Немного стрелял дичи в то утро Огинский. Тонкий и высокий как жердь зловещий Мишка Шагин угрюмо шел за ним и про себя говорил злые слова. С тех пор как в доме стало значительно беднее, он сильно поколебался в почтении к своему барину; почтения, впрочем, он никогда и не испытывал.
Огинский подошел к болоту. Он вынул из кармана карандаш и листок бумаги и написал несколько слов.
— Возьми эту записку, — сказал он слуге, — и тотчас отвези Ирине Сергеевне. Потом вернись сюда.
Мишка Шагин взял записку и сделал вид, что уходит в соседнюю деревню, где была оставлена лошадь.
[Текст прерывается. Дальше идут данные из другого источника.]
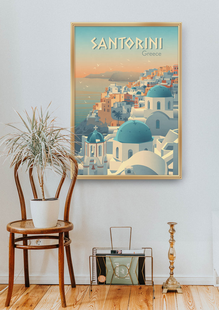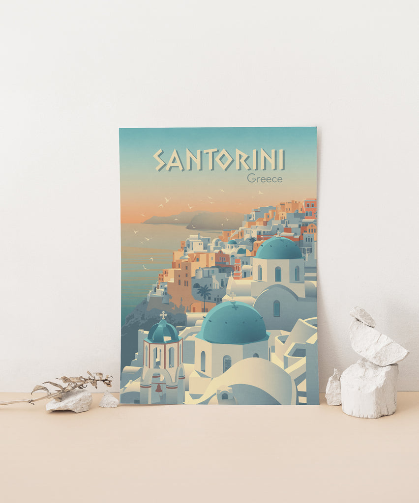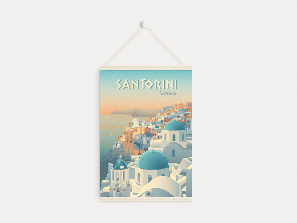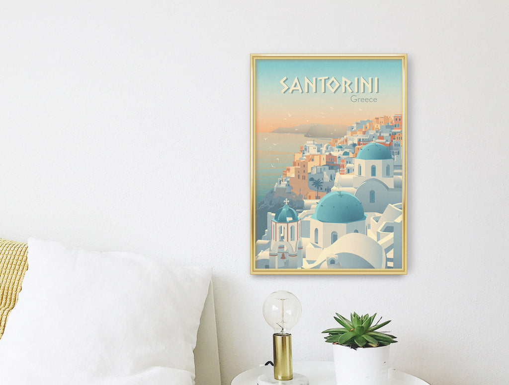 An original travel poster of the Greek Island of Santorini, located on the south east of mainland Greece in the Aegean Sea and is part of the Cyclades group of islands.

Но в лице Огинского и во всей его повадке было что-то такое странное, он был такой необычно торжественный, что Шагин подумал: «Нет, брат, шалишь, посмотрю-ка сперва, что ты тут будешь делать». Он зашел неподалеку в чащу и стал оттуда смотреть.
Огинский долго стоял без движения, не шелохнувшись. Потом он осмотрелся кругом, приподнял лицо и посмотрел на солнце, сбросил фуражку, перекрестился и твердыми шагами пошел в болото, в самую топь.
«Чудит, — подумал Шагин. Хотел выйти и крикнуть. Побоялся, что забранит. — Да и что мне за дело, что чудит, — подумал он. — Всегда чудил, до смертного часа чудить будет».
Но когда Огинский зашел в самую топь и начал тонуть, он выбежал из чащи. Огинский, не видя его, поднес левую ладонь ко рту и упал. Ноги его были по колена в болоте, голова и верхняя часть тела завалилась на кочку.
Шагин опрометью побежал в деревню.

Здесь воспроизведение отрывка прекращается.